+++ DATA TO PROCESS +++

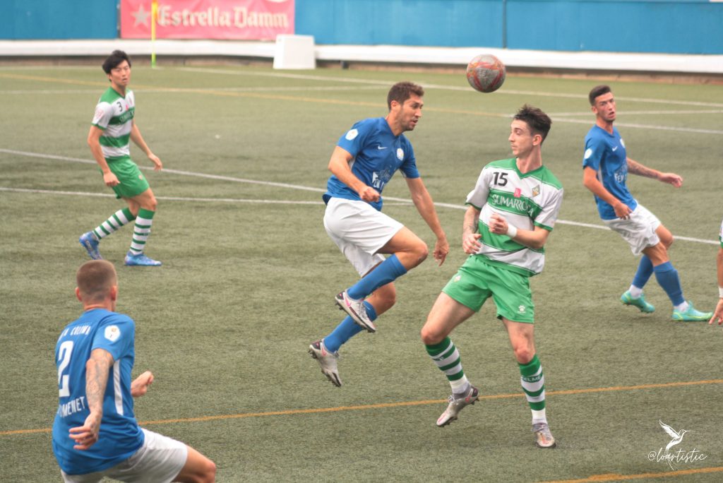 Van començar bé els franjiverds que amb diverses carreres van intentar arribar sense perill per a una defensa molt ben col·locada, amb Adrien, Akrong i Alan molt segurs. Amb el pas dels minuts els colomencs es van anar fent els dominadors, sense deixar trepitjar àrea al rival.
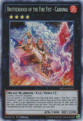 Please, carefully read the following: Image shown is a stock photo and does not reflect the actual card you will be receiving. Please refer to the condition guide below, the title and item description for what you will be receiving. Please also be aware that due to plastic shortages, orders may not always come in a plastic toploader but will always be protected as much as possible to prevent damage. You will receive 1x Brotherhood of the Fire Fist - Cardinal - MP14-EN031 - Secret Rare - 1st Edition - Condition: Near Mint Please refer to the Title and Item Description above for the item being purchased. Delivery delays: Deliveries may not always fall within the estimated delivery dates when shipping outside of Canada and USA. Many factors may contribute to delays in delivering the package such as weather and customs. Please note that delivery to international locations may take up to 8 weeks to arrive . We always ship out orders within 1 business day and after dropping off with the post office, delivery times are out of our control. Feedback: We will always leave positive feedback for you and we ask if you can do the same for us. If there is any reason why the transaction was not up to your expectations, please message us before leaving feedback so we can address the issue. Combined shipping: To receive a combined shipping quote, please make sure that you commit to purchasing on ebay.ca . This allows us to send you a combined shipping invoice before payment. Shipping within the USA (6-10 Business days): FREE! Shipping within Canada (3-8 Business days): FREE! Shipping and handling delay: We aim to ship all orders within 1 business day. We do not ship on weekends and holidays. Condition Guide: We do not sell any cards that are in MINT condition, the best condition that we offer is near mint. Near Mint (NM) - Cards in Near Mint condition show minimal to no wear from shuffling, play or handling and can have a nearly unmarked surface, crisp corners and unblemished edges outside of a few minimal flaws. A Near Mint card may have a tiny edge nick or a tiny scratch or two, but overall look nearly unplayed with no major defects or flaws. Lightly Played (LP) - Cards in Lightly Played condition may have minor border or corner wear or even just slight scuffs or scratches. There are no major defects such as water damage, bends or issues with the structural integrity of the card. Noticeable imperfections are okay, but none should be too severe or at too high a volume. Moderately Played (MP) - Cards in Moderately Played condition exhibit condition issues visible at a casual glance. Cards in Moderately Played condition can have border wear, corner wear, scratching or scuffing, creases or whitening, minor dirt buildup or any combination of mild examples of these marks. A Moderately Played card may have some form of a more major marking, such as spot water damage or creasing that doesnʼt affect card integrity, but not in combination with other issues such as scratches, scuffs or border/edge wear and not impacting a large area of the card. Heavily Played (HP) - Cards in Heavily Played condition show a severe amount of wear. Heavily Played condition can include cards that have major creasing, major whitening, major border wear or any combination of those flaws. (These flaws cannot prevent the card from being tournament playable when sleeved.) Damaged - Cards in Damaged condition can exhibit a tear, bend or crease that may make the card illegal for tournament play, even in a sleeve. Cards in Damaged condition may have extreme border wear, extreme corner wear, heavy scratching or scuffing, folds, creases or tears or other damages that impacts the structural integrity of the card.
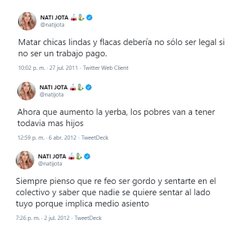Nati Jota indicó por qué no se sorprendió al descubrir los tuits que escribió hace 10 años. “En cualquiera de las notas que he hecho sobre mi carrera pueden ver que cuando yo arranqué en Twitter tenía 15 años y la moda era (usar) humor negro, que hoy en día no es soportable y súper cuestionable. No digo que antes no -aclaró-. Y yo quería sumar seguidores, me divertía. Y entré en esa”, explicó y agregó que, por aquel entonces, incluso, había bloqueado a sus conocidos para que no pudieran ver el contenido de lo que publicaba.
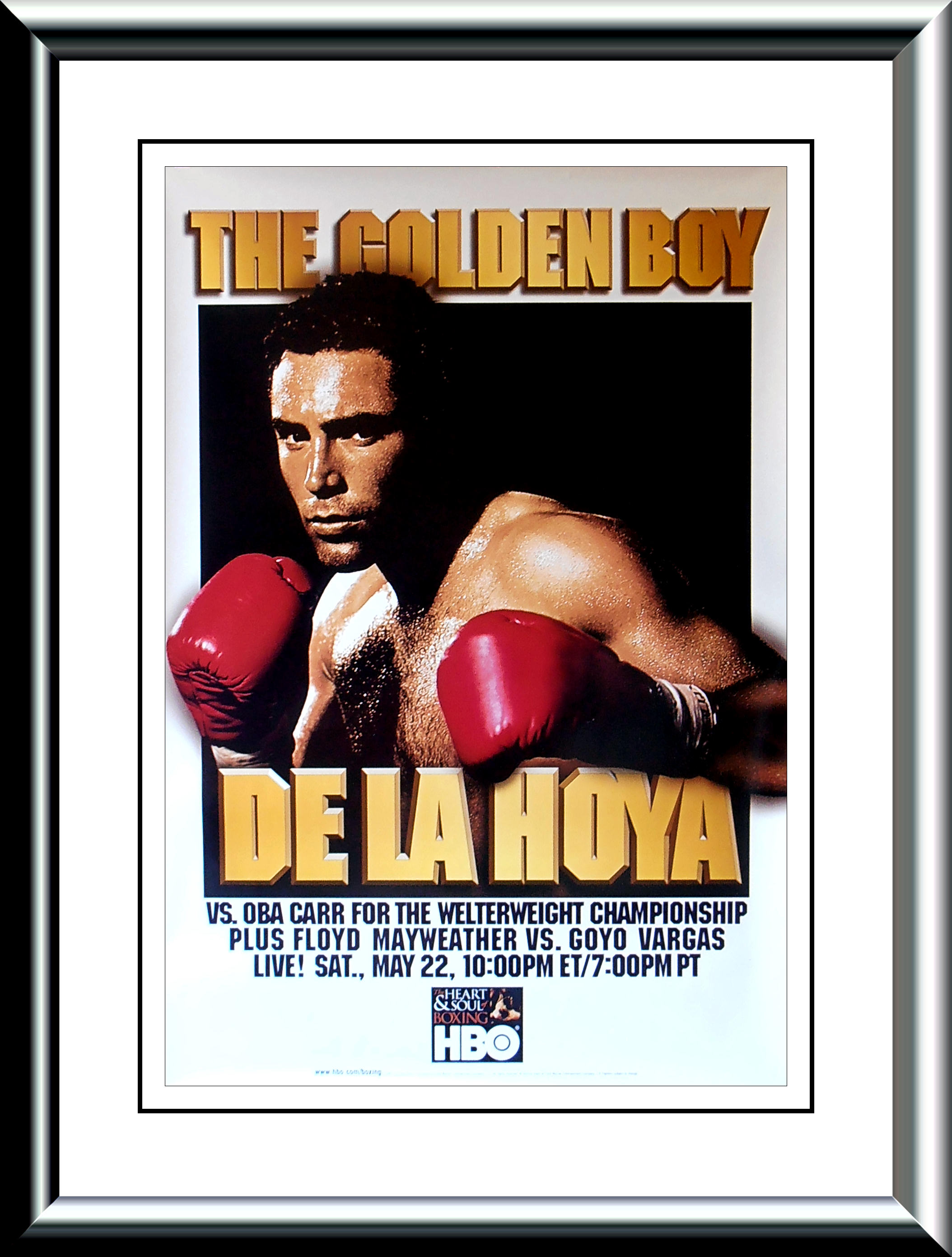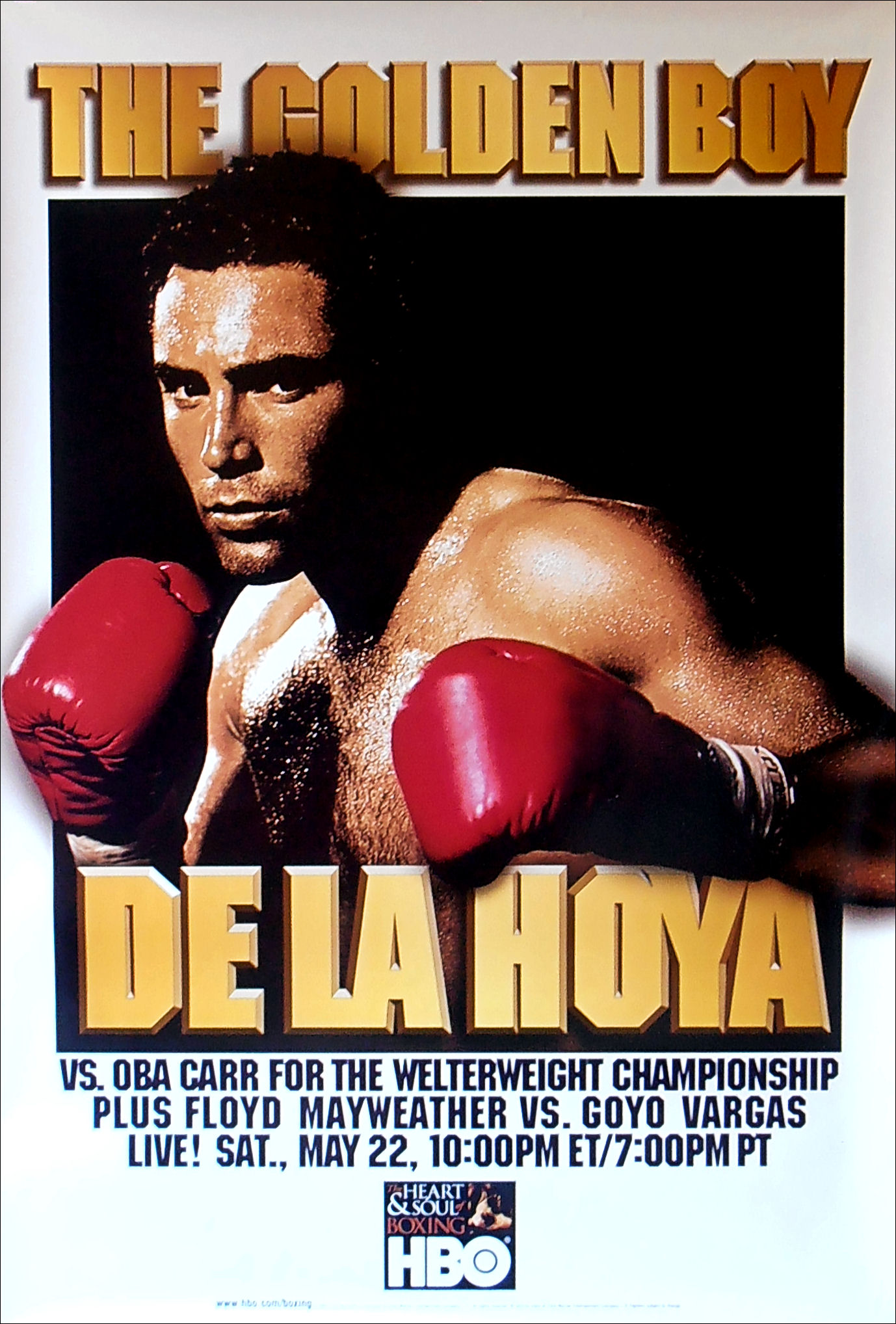 Description : Here we have an original HBO Boxing closed circuit poster for the WBC Welterweight Title bout at the Mandalay Bay Resort & Casino, Las Vegas, Nevada, USA, with the reigning & defending champion Oscar De la Hoya defending his WBC Welterweight Title against Oba Carr who was the Kronk based challenger out of Detroit, Michigan, USA. oscar De la Hoya settled this fight in the 11th round winning by TKO, well up on the judges scorecards at the time, scores as follows: | judge: Carol Castellano 96-91 | judge: Chuck Giampa 95-92 | judge: Jerry Roth 97-90
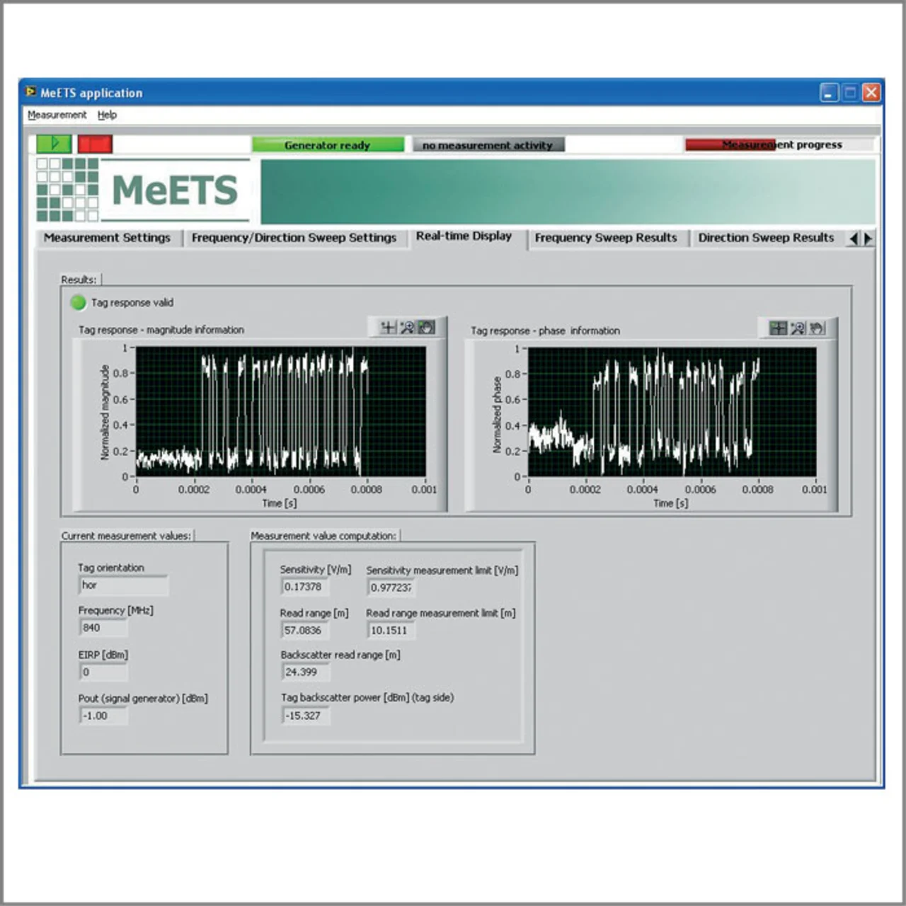 Während erste Messungen, wie sie für Datenblätter verwendet werden, in der Regel nur am Tag selbst durchgeführt werden, ist für viele Anwendungen zusätzlich die Messung am Material relevant. Hierzu definieren die Standards repräsentative Materialien wie Behälter mit Wasser, verschiedene Kunststoffe, Holz, Karton und Metall, um vergleichbare Daten für bestimmte zu taggende Produkte zu bekommen.

+++

Your copy of the records must be exact and must contain no pictures.

 Van començar bé els franjiverds que amb diverses carreres van intentar arribar sense perill per a una defensa molt ben col·locada, amb Adrien, Akrong i Alan molt segurs. Amb el pas dels minuts els colomencs es van anar fent els dominadors, sense deixar trepitjar àrea al rival.
 Please, carefully read the following: Image shown is a stock photo and does not reflect the actual card you will be receiving. Please refer to the condition guide below, the title and item description for what you will be receiving. Please also be aware that due to plastic shortages, orders may not always come in a plastic toploader but will always be protected as much as possible to prevent damage. You will receive 1x Brotherhood of the Fire Fist - Cardinal - MP14-EN031 - Secret Rare - 1st Edition - Condition: Near Mint Please refer to the Title and Item Description above for the item being purchased. Delivery delays: Deliveries may not always fall within the estimated delivery dates when shipping outside of Canada and USA. Many factors may contribute to delays in delivering the package such as weather and customs. Please note that delivery to international locations may take up to 8 weeks to arrive . We always ship out orders within 1 business day and after dropping off with the post office, delivery times are out of our control. Feedback: We will always leave positive feedback for you and we ask if you can do the same for us. If there is any reason why the transaction was not up to your expectations, please message us before leaving feedback so we can address the issue. Combined shipping: To receive a combined shipping quote, please make sure that you commit to purchasing on ebay.ca . This allows us to send you a combined shipping invoice before payment. Shipping within the USA (6-10 Business days): FREE! Shipping within Canada (3-8 Business days): FREE! Shipping and handling delay: We aim to ship all orders within 1 business day. We do not ship on weekends and holidays. Condition Guide: We do not sell any cards that are in MINT condition, the best condition that we offer is near mint. Near Mint (NM) - Cards in Near Mint condition show minimal to no wear from shuffling, play or handling and can have a nearly unmarked surface, crisp corners and unblemished edges outside of a few minimal flaws. A Near Mint card may have a tiny edge nick or a tiny scratch or two, but overall look nearly unplayed with no major defects or flaws. Lightly Played (LP) - Cards in Lightly Played condition may have minor border or corner wear or even just slight scuffs or scratches. There are no major defects such as water damage, bends or issues with the structural integrity of the card. Noticeable imperfections are okay, but none should be too severe or at too high a volume. Moderately Played (MP) - Cards in Moderately Played condition exhibit condition issues visible at a casual glance. Cards in Moderately Played condition can have border wear, corner wear, scratching or scuffing, creases or whitening, minor dirt buildup or any combination of mild examples of these marks. A Moderately Played card may have some form of a more major marking, such as spot water damage or creasing that doesnʼt affect card integrity, but not in combination with other issues such as scratches, scuffs or border/edge wear and not impacting a large area of the card. Heavily Played (HP) - Cards in Heavily Played condition show a severe amount of wear. Heavily Played condition can include cards that have major creasing, major whitening, major border wear or any combination of those flaws. (These flaws cannot prevent the card from being tournament playable when sleeved.) Damaged - Cards in Damaged condition can exhibit a tear, bend or crease that may make the card illegal for tournament play, even in a sleeve. Cards in Damaged condition may have extreme border wear, extreme corner wear, heavy scratching or scuffing, folds, creases or tears or other damages that impacts the structural integrity of the card.
Nati Jota indicó por qué no se sorprendió al descubrir los tuits que escribió hace 10 años. “En cualquiera de las notas que he hecho sobre mi carrera pueden ver que cuando yo arranqué en Twitter tenía 15 años y la moda era (usar) humor negro, que hoy en día no es soportable y súper cuestionable. No digo que antes no -aclaró-. Y yo quería sumar seguidores, me divertía. Y entré en esa”, explicó y agregó que, por aquel entonces, incluso, había bloqueado a sus conocidos para que no pudieran ver el contenido de lo que publicaba.
 Description : Here we have an original HBO Boxing closed circuit poster for the WBC Welterweight Title bout at the Mandalay Bay Resort & Casino, Las Vegas, Nevada, USA, with the reigning & defending champion Oscar De la Hoya defending his WBC Welterweight Title against Oba Carr who was the Kronk based challenger out of Detroit, Michigan, USA. oscar De la Hoya settled this fight in the 11th round winning by TKO, well up on the judges scorecards at the time, scores as follows: | judge: Carol Castellano 96-91 | judge: Chuck Giampa 95-92 | judge: Jerry Roth 97-90
 Während erste Messungen, wie sie für Datenblätter verwendet werden, in der Regel nur am Tag selbst durchgeführt werden, ist für viele Anwendungen zusätzlich die Messung am Material relevant. Hierzu definieren die Standards repräsentative Materialien wie Behälter mit Wasser, verschiedene Kunststoffe, Holz, Karton und Metall, um vergleichbare Daten für bestimmte zu taggende Produkte zu bekommen.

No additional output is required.